## Problem to work on
If a line below falls between the line with "O Conselho Regional" and the line with "Field Vole (Microtus", or is one of those two, output it exactly; output nothing else and no pictures.

## Material shown
◆ ◆ ◆

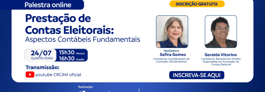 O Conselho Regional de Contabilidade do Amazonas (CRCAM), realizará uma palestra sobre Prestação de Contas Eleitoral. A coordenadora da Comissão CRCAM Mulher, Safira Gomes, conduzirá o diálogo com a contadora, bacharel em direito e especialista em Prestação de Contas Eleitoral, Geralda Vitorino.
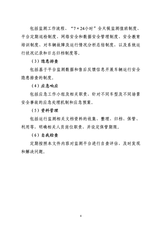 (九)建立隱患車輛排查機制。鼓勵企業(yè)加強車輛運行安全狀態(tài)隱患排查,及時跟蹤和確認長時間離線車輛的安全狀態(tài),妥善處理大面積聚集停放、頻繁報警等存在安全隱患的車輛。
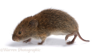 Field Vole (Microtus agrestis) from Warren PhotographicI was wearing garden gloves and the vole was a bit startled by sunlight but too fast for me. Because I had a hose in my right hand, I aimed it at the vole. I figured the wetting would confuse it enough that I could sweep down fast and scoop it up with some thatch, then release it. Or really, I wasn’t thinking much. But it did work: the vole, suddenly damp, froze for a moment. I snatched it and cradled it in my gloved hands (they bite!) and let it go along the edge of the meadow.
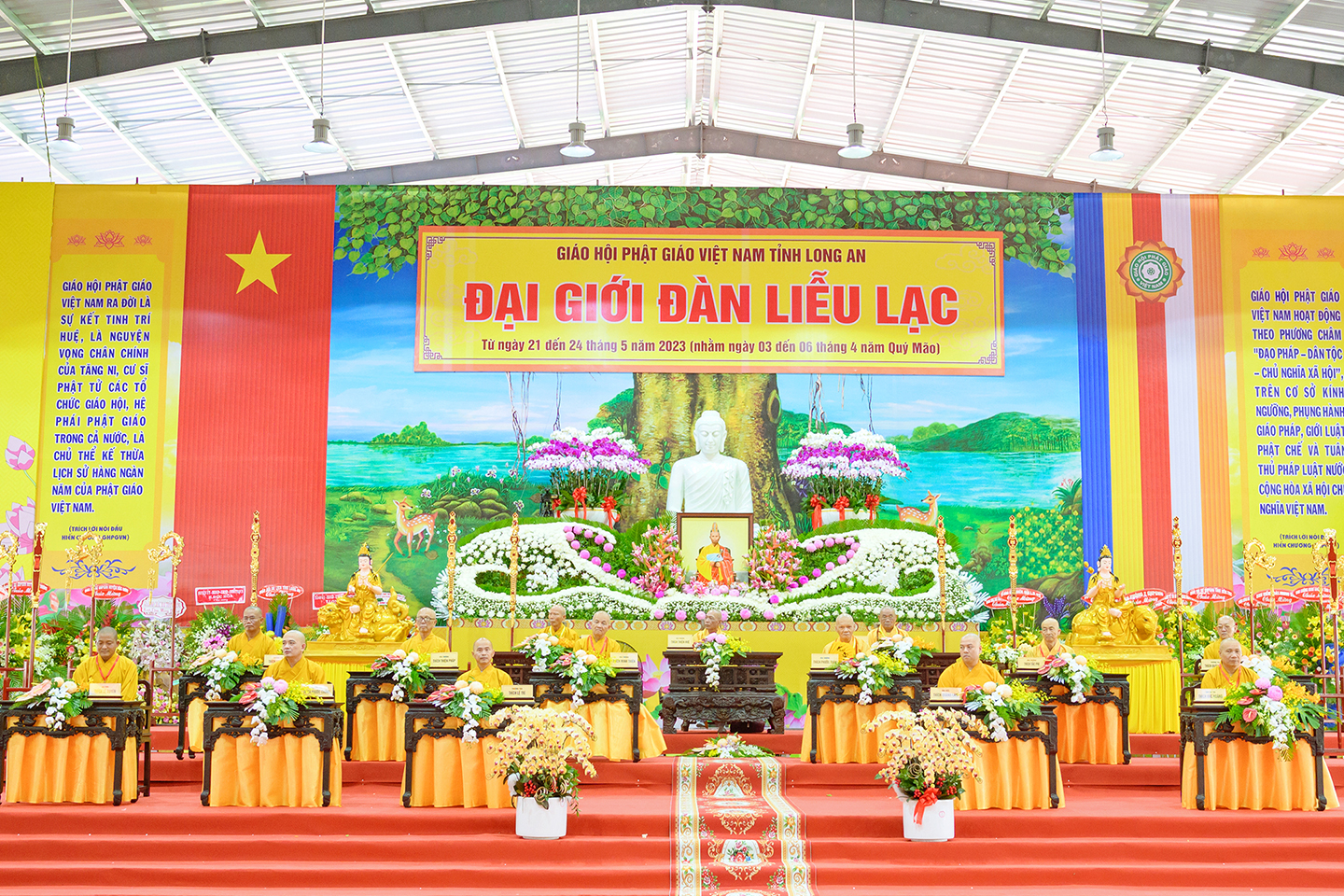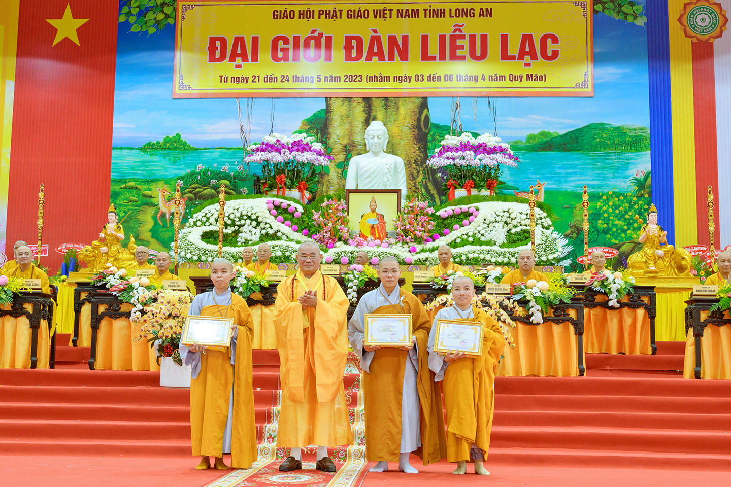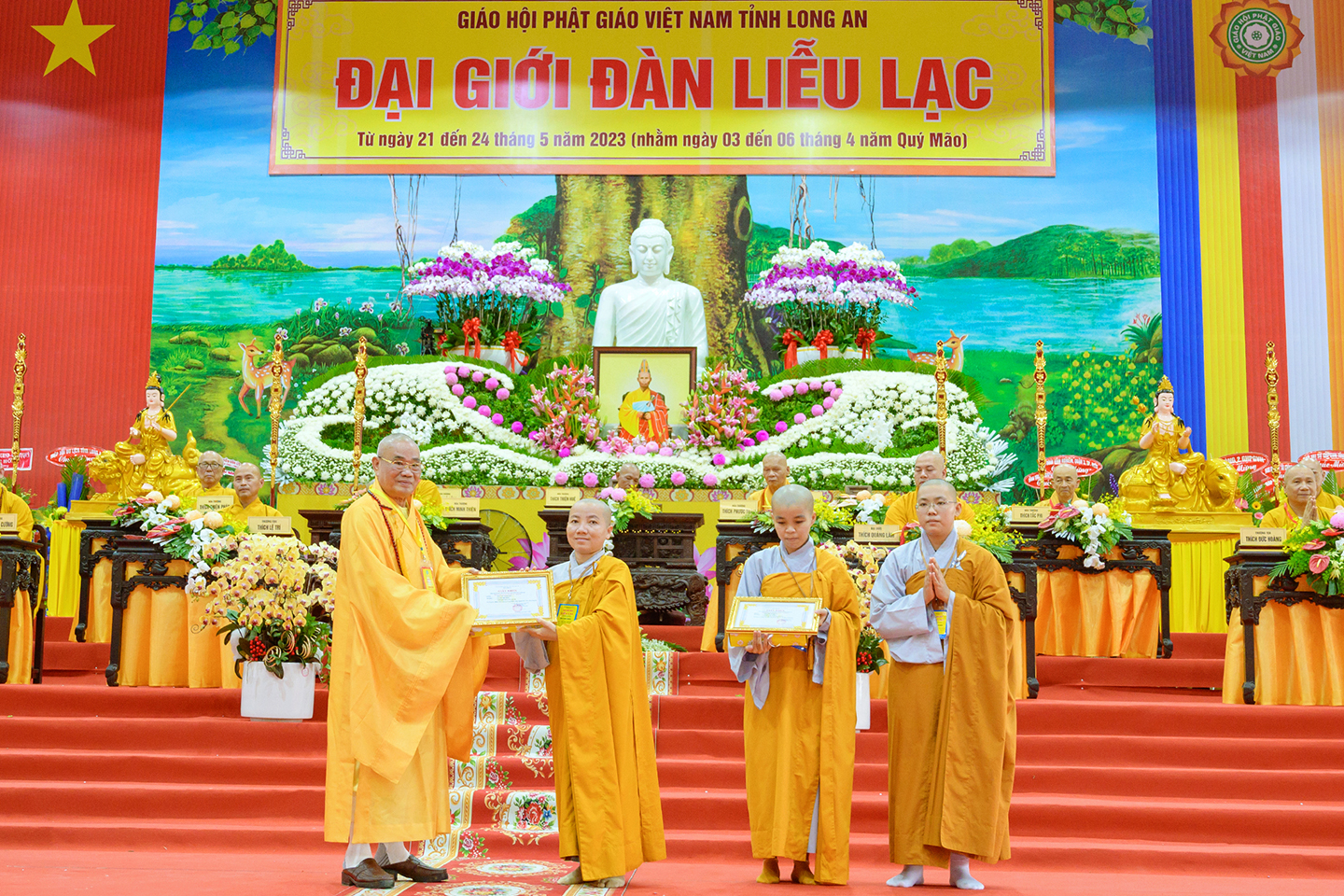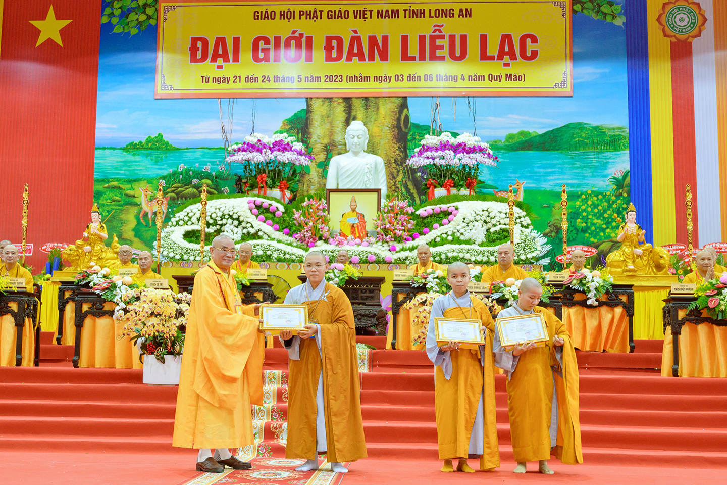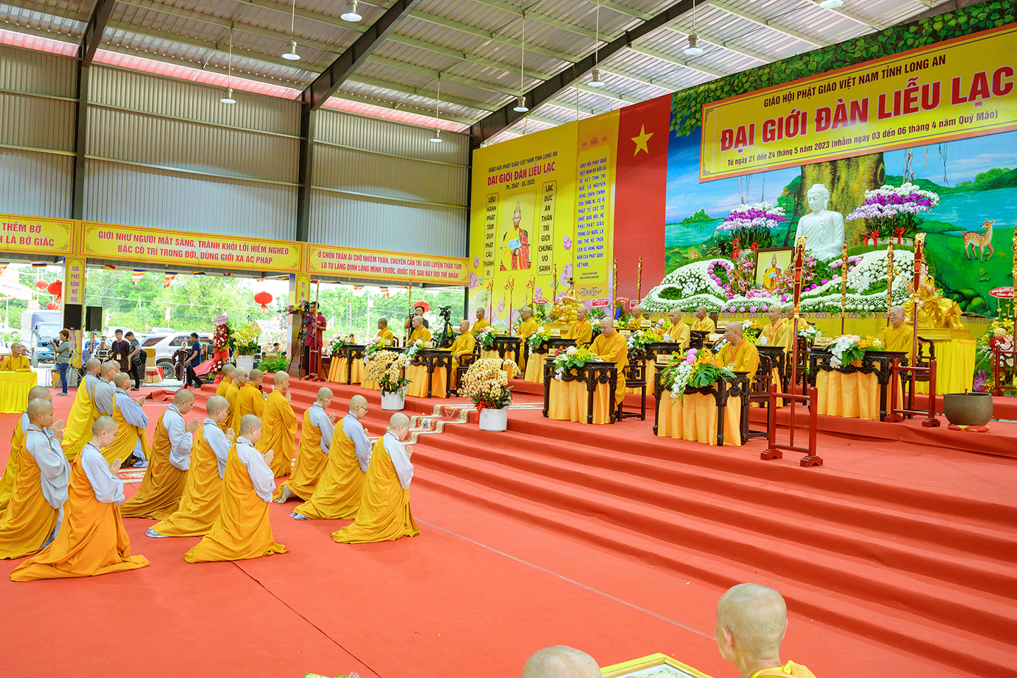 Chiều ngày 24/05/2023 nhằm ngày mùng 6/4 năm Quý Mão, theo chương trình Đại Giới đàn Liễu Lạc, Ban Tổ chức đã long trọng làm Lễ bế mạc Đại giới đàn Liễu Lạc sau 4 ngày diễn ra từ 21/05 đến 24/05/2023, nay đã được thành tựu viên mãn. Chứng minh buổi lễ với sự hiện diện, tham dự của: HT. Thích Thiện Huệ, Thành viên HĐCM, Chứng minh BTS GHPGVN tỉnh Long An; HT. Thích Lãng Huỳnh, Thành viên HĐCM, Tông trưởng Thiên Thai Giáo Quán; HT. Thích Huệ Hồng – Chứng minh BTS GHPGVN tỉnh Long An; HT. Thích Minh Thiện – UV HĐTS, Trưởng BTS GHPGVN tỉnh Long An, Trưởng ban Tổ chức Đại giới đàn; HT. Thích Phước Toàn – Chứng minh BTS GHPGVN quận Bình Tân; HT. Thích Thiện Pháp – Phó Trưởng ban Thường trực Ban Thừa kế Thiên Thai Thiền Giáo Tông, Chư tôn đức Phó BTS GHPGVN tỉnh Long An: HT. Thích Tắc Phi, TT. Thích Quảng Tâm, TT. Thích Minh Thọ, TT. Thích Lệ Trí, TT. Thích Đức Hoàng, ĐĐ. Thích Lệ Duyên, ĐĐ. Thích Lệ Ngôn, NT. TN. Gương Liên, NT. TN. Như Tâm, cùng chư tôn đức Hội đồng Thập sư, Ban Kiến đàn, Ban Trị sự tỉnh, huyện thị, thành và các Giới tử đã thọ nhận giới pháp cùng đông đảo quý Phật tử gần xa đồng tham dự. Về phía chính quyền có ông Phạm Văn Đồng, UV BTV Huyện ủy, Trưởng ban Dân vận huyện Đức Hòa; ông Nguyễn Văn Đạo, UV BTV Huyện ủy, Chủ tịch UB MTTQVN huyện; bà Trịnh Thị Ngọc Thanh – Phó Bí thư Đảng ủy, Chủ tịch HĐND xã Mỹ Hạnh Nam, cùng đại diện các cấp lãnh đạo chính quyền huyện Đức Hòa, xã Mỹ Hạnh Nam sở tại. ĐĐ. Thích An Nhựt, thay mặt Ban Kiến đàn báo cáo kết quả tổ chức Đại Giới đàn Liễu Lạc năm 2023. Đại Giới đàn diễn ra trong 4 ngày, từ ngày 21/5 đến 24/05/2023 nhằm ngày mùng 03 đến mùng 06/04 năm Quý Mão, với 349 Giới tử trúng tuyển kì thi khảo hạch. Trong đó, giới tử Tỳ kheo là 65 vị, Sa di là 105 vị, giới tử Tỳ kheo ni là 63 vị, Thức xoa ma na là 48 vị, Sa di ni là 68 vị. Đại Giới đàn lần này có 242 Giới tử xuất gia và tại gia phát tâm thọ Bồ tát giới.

◆ ◆ ◆

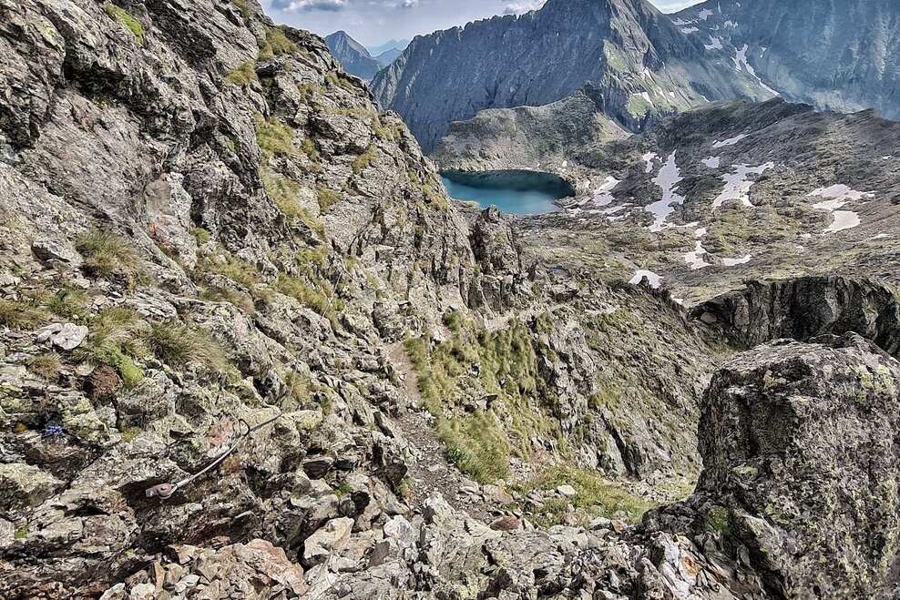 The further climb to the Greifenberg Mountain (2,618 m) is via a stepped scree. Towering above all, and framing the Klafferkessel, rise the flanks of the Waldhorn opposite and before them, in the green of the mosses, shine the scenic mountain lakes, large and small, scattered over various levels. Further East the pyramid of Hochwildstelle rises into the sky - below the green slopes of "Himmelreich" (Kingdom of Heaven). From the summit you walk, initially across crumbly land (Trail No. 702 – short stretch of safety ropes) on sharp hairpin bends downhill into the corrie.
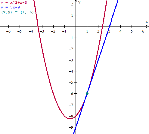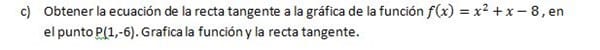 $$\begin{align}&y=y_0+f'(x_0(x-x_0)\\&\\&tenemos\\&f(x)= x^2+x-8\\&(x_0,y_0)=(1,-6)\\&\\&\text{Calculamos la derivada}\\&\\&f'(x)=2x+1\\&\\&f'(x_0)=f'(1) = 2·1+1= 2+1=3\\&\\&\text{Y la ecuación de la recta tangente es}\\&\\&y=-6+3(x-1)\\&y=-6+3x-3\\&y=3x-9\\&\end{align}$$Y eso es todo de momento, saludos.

◆ ◆ ◆

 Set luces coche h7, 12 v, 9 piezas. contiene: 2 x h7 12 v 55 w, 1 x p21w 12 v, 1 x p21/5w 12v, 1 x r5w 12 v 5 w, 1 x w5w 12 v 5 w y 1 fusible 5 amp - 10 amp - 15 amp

◆ ◆ ◆

## Output of the task
 O Conselho Regional de Contabilidade do Amazonas (CRCAM), realizará uma palestra sobre Prestação de Contas Eleitoral. A coordenadora da Comissão CRCAM Mulher, Safira Gomes, conduzirá o diálogo com a contadora, bacharel em direito e especialista em Prestação de Contas Eleitoral, Geralda Vitorino.
 (九)建立隱患車輛排查機制。鼓勵企業(yè)加強車輛運行安全狀態(tài)隱患排查,及時跟蹤和確認長時間離線車輛的安全狀態(tài),妥善處理大面積聚集停放、頻繁報警等存在安全隱患的車輛。
 Field Vole (Microtus agrestis) from Warren PhotographicI was wearing garden gloves and the vole was a bit startled by sunlight but too fast for me. Because I had a hose in my right hand, I aimed it at the vole. I figured the wetting would confuse it enough that I could sweep down fast and scoop it up with some thatch, then release it. Or really, I wasn’t thinking much. But it did work: the vole, suddenly damp, froze for a moment. I snatched it and cradled it in my gloved hands (they bite!) and let it go along the edge of the meadow.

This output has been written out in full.